Material provided:

____________

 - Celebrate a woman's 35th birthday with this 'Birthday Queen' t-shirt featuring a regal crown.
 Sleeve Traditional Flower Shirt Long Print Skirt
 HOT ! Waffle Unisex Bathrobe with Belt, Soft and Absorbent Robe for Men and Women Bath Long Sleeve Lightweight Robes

____________

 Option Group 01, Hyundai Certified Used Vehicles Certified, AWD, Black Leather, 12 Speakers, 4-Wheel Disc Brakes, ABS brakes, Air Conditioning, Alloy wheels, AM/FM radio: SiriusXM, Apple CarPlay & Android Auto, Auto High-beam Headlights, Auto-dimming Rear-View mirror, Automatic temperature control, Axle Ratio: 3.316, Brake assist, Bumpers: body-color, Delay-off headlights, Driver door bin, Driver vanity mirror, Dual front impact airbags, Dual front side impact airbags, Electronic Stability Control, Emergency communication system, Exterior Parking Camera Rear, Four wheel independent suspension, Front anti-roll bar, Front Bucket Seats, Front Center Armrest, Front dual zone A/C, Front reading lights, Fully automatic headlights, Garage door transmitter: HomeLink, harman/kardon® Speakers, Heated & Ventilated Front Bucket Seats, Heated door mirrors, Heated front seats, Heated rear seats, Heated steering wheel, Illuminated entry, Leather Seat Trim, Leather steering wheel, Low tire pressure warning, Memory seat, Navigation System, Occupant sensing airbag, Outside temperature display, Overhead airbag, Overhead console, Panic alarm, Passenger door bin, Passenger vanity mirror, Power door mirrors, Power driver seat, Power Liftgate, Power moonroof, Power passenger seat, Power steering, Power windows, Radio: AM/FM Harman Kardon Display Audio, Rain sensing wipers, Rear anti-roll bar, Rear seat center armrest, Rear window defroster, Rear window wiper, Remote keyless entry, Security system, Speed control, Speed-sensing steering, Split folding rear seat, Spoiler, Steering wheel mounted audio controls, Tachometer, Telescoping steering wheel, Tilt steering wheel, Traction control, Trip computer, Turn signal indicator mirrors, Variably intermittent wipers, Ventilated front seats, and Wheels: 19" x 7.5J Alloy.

____________

Assignment:
Please write out, exactly as they appear above, only the lines in the stretch from the line with "- Celebrate a" through the line with "HOT ! Waffle".

Finished exercise:
 - Celebrate a woman's 35th birthday with this 'Birthday Queen' t-shirt featuring a regal crown.
 Sleeve Traditional Flower Shirt Long Print Skirt
 HOT ! Waffle Unisex Bathrobe with Belt, Soft and Absorbent Robe for Men and Women Bath Long Sleeve Lightweight Robes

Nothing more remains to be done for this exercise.